We can see above that 'df_clean' has had 97 records removed, which corresponds to the amount of\
records due to the outliers in the original df.

In [17]:
# Here we will create an object with the shop_id's from the cleaned dataframe
# This list will be used to iterate through the dataframe for our calculations
shop_ids_clean = sorted(list(df_clean['shop_id'].unique()))

In [18]:
# Let's group the records by shop_id to make it easier to calculate the metrics we want to use
df_group = df_clean.groupby(by = 'shop_id')

In [19]:
# Let's calculate the AOV for every store

# Initializing an empty list to store each store's AOV
aov_per_store = []

# This for loop iterates through the list of shop_id's we just created
for i in shop_ids_clean:
    aov_per_store.append(((df_group.get_group(i)['order_amount']).sum()) / (df_group.get_group(i)['order_amount'].count()))

In [None]:
# Let's have a look at the output
aov_per_store

In [21]:
# Now we will calculate a 'weighted' AOV for all the stores by taking the average of all of their AOVs!
sum(aov_per_store) / len(aov_per_store)

299.68239912615485

In [22]:
# Let's also look at the median of the order_amounts for the entire dataset
df['order_amount'].median()

284.0

## Time to Answer!
---

#### a. Think about what could be going wrong with our calculation. Think about a better way  to  evaluate this data.

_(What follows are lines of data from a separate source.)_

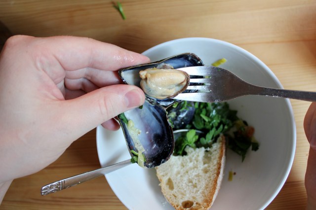 Elmar hófst handa þegar heim kom og skrúbbaði kræklingana til að losa þá við hreistur og annan óþrifnað sem sest utan á skeljarnar. Því næst togaði hann ,skeggið’ af kræklingunum, henti opnum skeljum sem lokuðu sér ekki sjálkrafa eftir að hafa bankað þeim léttilega í eldhúsbekkinn og skolaði þá í köldu vatni. Það er mjög mikilvægt að láta kræklingana ekki liggja í bleyti þar sem þeir eru saltvatnsdýr og kafna í kranavatninu. Hafið líka í huga að jafnvel þótt kræklingur sé harðlokaður þegar hann er keyptur er best að athuga hvort hann sé ekki örugglega á lífi – það má t.d. gera með því að kreista skeljarnar aðeins saman og sjá hvort hann veiti einhverja mótstöðu. Við studdumst við þetta myndband við verkunina.
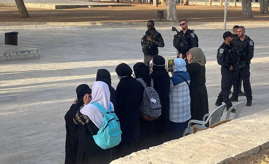 وفرضت شرطة الاحتلال قيودا مشددة على دخول الفلسطينيين للمسجد الأقصى، ودققت في هوياتهم واحتجزت بعضها عند بواباته الخارجية.
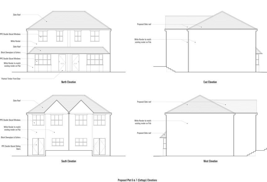 Sawkings Architects were appointed for the conversion & extension of a Public House into 3 No. dwellings, conversion & extension of outbuilding into 1 No. dwelling, erection of a two story Lodge at rear and erection of 2 No. semi-detached dwellings.
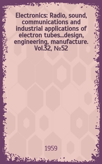 Electronics : Radio, sound, communications and industrial applications of electron tubes...design, engineering, manufacture. Vol.57, №25:. - 1984
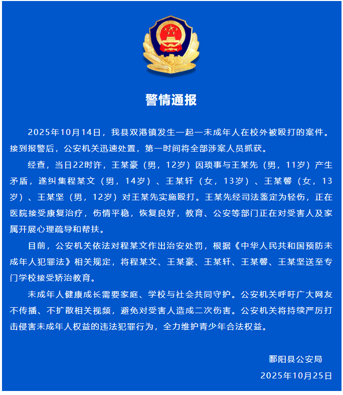新京报讯10月25日,江西鄱阳县公安局发布警情通报,2025年10月14日,该县双港镇发生一起一未成年人在校外被殴打的案件。接到报警后,公安机关迅速处置,第一时间将全部涉案人员抓获。
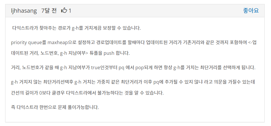 그래서 g-h 간선을 지났는지 여부를 따로 저장해주면서 확인하면 이 문제를 해결 할 수 있다.
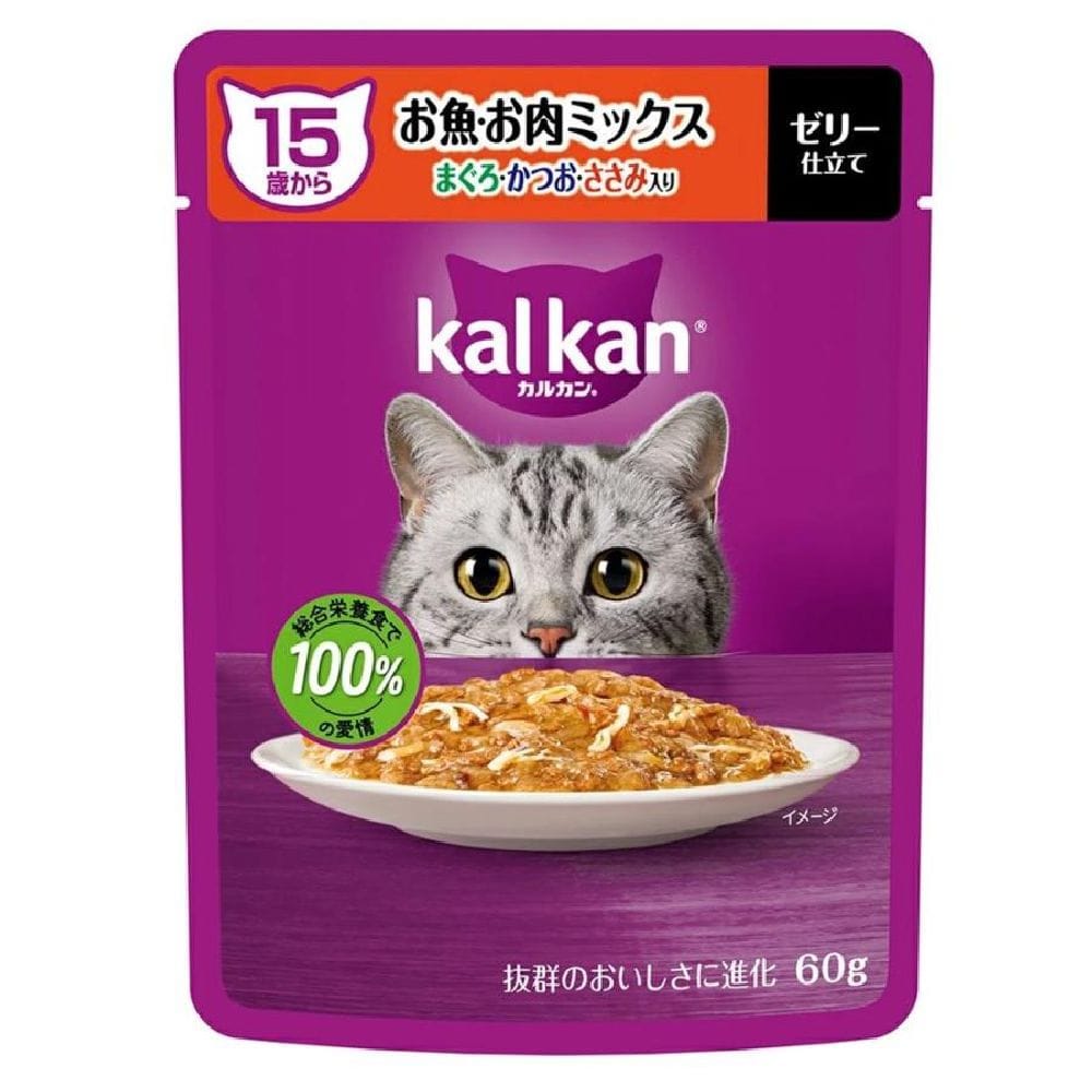 肉類(チキン、ビーフ、ささみ等)、魚介類(かつお、さば、まぐろエキス等)、植物性油脂、穀類、調味料(アミノ酸等)、ビタミン類(B1、B2、B6、B12、C、E、K、コリン、ナイアシン、パントテン酸、ビオチン、葉酸)、ミネラル類(Ca、Cl、Cu、Fe、I、K、Mg、Mn、Na、Zn)、アミノ酸類(タウリン)、増粘多糖類、ポリリン酸Na、EDTA-Na、発色剤(亜硝酸Na)
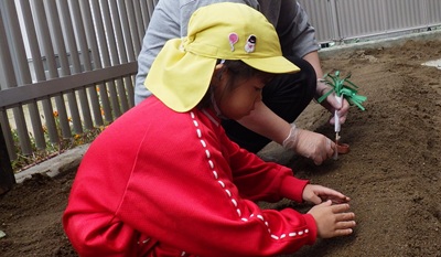大根ステッキで印を付けた場所に種をまいて、土のお布団をかけましょう☆
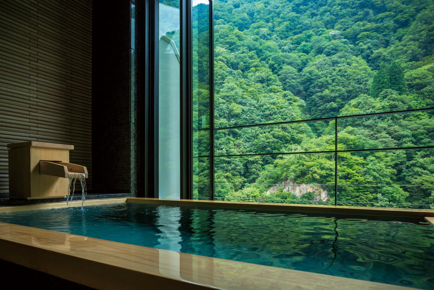 樹齢400年のヒノキで造られた露天風呂から四季折々の峡谷美が望め、湯鏡に映った絶景につかる贅沢な体験が味わえる他、客室露天風呂からも絶景を堪能できます。
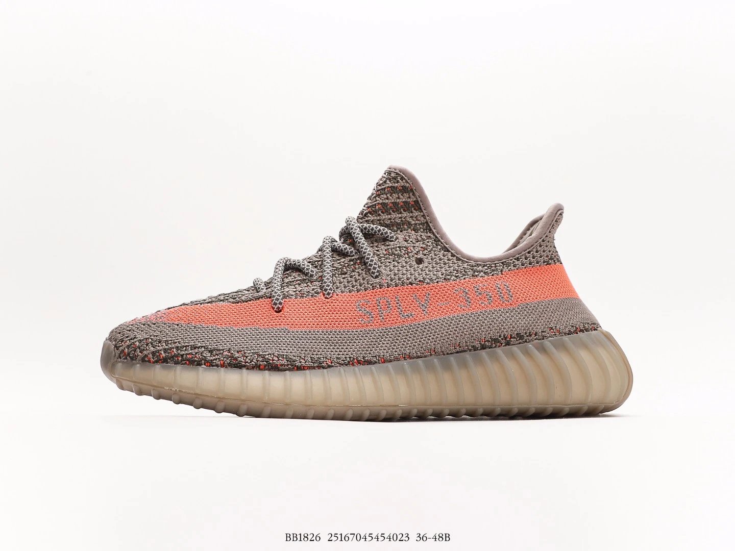 Yeezy BOOST 350 V2 Grey Orange sneakers crafted with lightweight Primeknit and transparent midsole offer comfort, breathability, and support in a modern, unisex streetwear design.
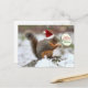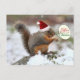 Foto de una ardilla de Navidad en la nieve en caída usando un sombrero de Papá Noel y diciendo "Feliz Navidad" en un globo de voz. La ardilla linda está comiendo un maní y sentada en una roca rodeada de nieve en el suelo. "Feliz Navidad" está escrito en rojo y verde festivo. Esta foto de ardilla sería una manera perfecta de desear a alguien una Feliz Navidad durante las vacaciones y se puede imprimir en muchos productos diferentes.
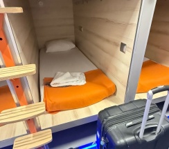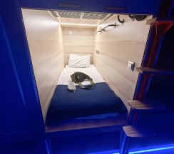 Хороший бюджетный вариант «на передохнуть». Не так просто найти отель, так как нет никаких знаков-указателей, приходилось спрашивать у сотрудников дорогу. Капсула оснащена постельным бельем и зарядкой для телефона, было бы не плохо подвесить небольшую полочку для телефона и мелких принадлежностей. Есть душ, предоставляются тапочки и полотенце, однако средства гигиены отсутствуют и приобрести на стойке нет возможности, так же как и простую бутылку воды. Так что все берите с собой. Слышимость очень хорошая, голоса новых гостей отчетливо слышны в капсуле. Запасайтесь берушами в том числе, надеюсь, поможет.
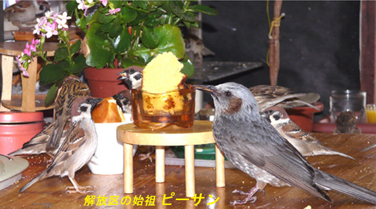 解放区の始祖ヒヨドリのピーサンはスズメのセブンベイブスについて入ってきた迷いヒナでしたがやがて立派なリーダーになりました。8年間、かみさんも年上のグラマーさん、幼な妻のピーヨンそして生涯の最愛の妻ビジーさんと子供をたくさん作りました。最後の方は半年ぶりに帰ってくると「歳とったな~」「お前もな」とマスターと顔を見合わせて憎まれ口をたたいたものでした…とお互い感じたということですけどね。

    For starters, we can immediately see that the naive AOV calculation of 3145.13 dollars would only work in
    the scenario where each store only sold 1 item per order.

    Even then, this naive calculation does not account for any outliers and so will be heavily skewed
    and consequently misrepresenting the data!

    There are multiple ways to tackle this problem depending on how we aim to ultimately use this data.
    A better way to evaluate this data using this calculation as an approach would be to instead take
    the AOV for each store individually, and then finding the average of all of the calculated AOV's to
    provide us with a weighted AOV that accounts for all the stores (with the outliers removed).
    
    Since no one metric could possibly provide the whole story for this dataset (especially considering
    the fact that we are cleaning the data and removing outliers), we could also include the median of
    all order values to give a picture of the central tendency of the data while minimizing the effect
    of the outliers. This can be done on the df pre-cleaning.

#### b. What metric would you report for this dataset?

    A weighted AOV of all stores that is calculated by taking the AOV of each store, summing them up and then
    dividing by the total number of stores.
    
    I would also report the median of all order amounts.
   

#### c. What is its value?

    The value of the 'weighted' AOV of all stores (which we found to be 299.68 dollars) is that it accounts for different stores
    having differently priced items and different numbers of sales. As a result of these different prices and sales numbers,
    the different stores do not equally contribute to the sum of the 'order_amount' column. Without accounting for the different
    weights of each shop, we would end up with the problematic naive AOV of 3145.13 which was present in the question.
    Instead, the weighted AOV provides us with a more accurate picture of what we can expect from the stores in this dataset,
    with the exception of the 2 outliers.

    The value of the median of order amounts (calculated to be 284 dollars) lies in its robustness against outliers and helping us
    understand whereabouts the "middle" of our data is.